Enfin, avec Chronos-Swiller, Juli Susin propose une enquête temporelle sur le long terme questionnant le rapport à l’émigration et les règles liants le temps et l’espace. Un film proposé dans un premier lieu, réalisé en collaboration avec Raisa Aid, fait référence aux rituels métaphysiques des peuples indigènes du Paraguay, pays dont la réalisatrice est originaire. Ces différentes installations font de l’œuvre d’art un objet de contrebande. La partition musicale écrite par Jeanne Susin pour la bande son du film, traduit les mouvement du passage entre différentes dimensions et à des éléments de tout ordre se matérialisant dans « la zone d’embarquement ». Le spectateur trouvera au sein de différents contenants, des photographies, des fragments en céramique et des documents d’archive en transition vers leur statut de produit culturel.
Une critique de l’opportunisme muséal
Aujourd’hui les expositions mettent régulièrement en avant, de manière souvent opportuniste, la question des enjeux climatiques et environnementaux. Ces manifestations permettent de questionner le rôle de la place de l’art et des artistes sur ces enjeux de société. La Fondation Cartier, associée au Festival, présente par exemple l’exposition Fabrice Hyber tirant son inspiration de la Vallée, domaine de l’artiste en Vendée, et réalisant une œuvre où la nature est omniprésente.
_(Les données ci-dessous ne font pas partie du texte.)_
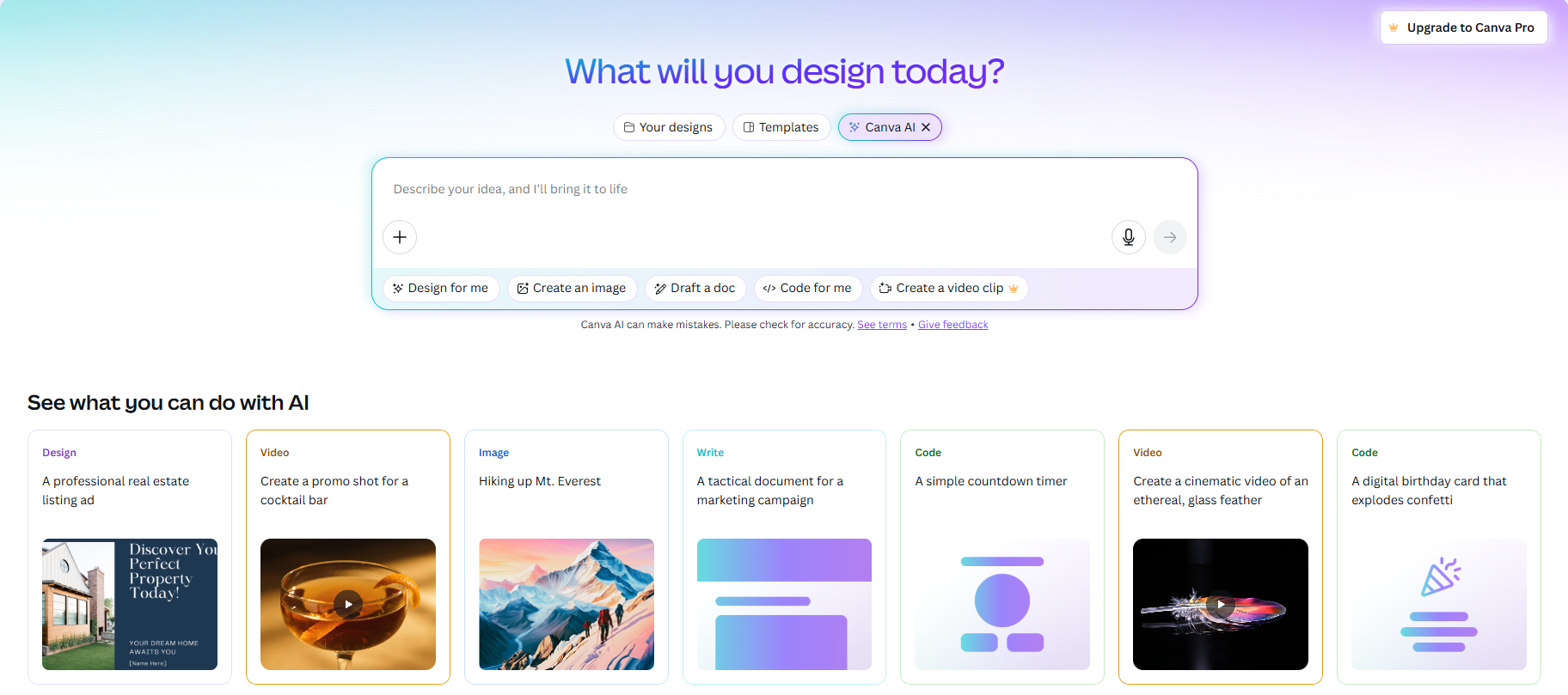 Canva has long been a favourite among designers, but in 2025 it stepped up with Magic Design and integration of AI models like Claude. With just a text prompt, you can now generate ready-to-use designs for social media posts, presentations and marketing materials.

Tandis qu’à la Bourse de Commerce, l’exposition Avant L’orage questionne sur fond greenwashing l’instabilité de nos paysages face aux changements climatiques. Cependant, l’exposition actuelle à la Fondation Cartier peut paraître décalée. En effet, Fabrice Hyber est présenté comme un artiste voulant transmettre ses connaissances. Ses tableaux pourraient ainsi relever d’un art scientifique, expliquant les différentes relations ayant lieu dans le monde du vivant. Bien souvent cependant, ces tableaux sont hermétiques car relevant du croquis géant d’un passionné. De nombreuses couleurs font que le tout reste plaisant à voir, cependant il est dommage d’envisager ses connaissances comme légitimes étant donné que sa formation en dehors des Beaux arts n’inclut seulement deux années de mathématiques appliqués. Le propos de l’exposition semble ainsi davantage porter sur le mythe de l’artiste découvrant la nature, que sur une démarche résolument tournée sur sa compréhension à l’aulne des dégâts provoqués par l’humanité. En ce qui concerne le festival cependant, à la présentation de ces différents éléments, il est difficile de ne pas croire en une posture définitivement tournée vers la transition écologique.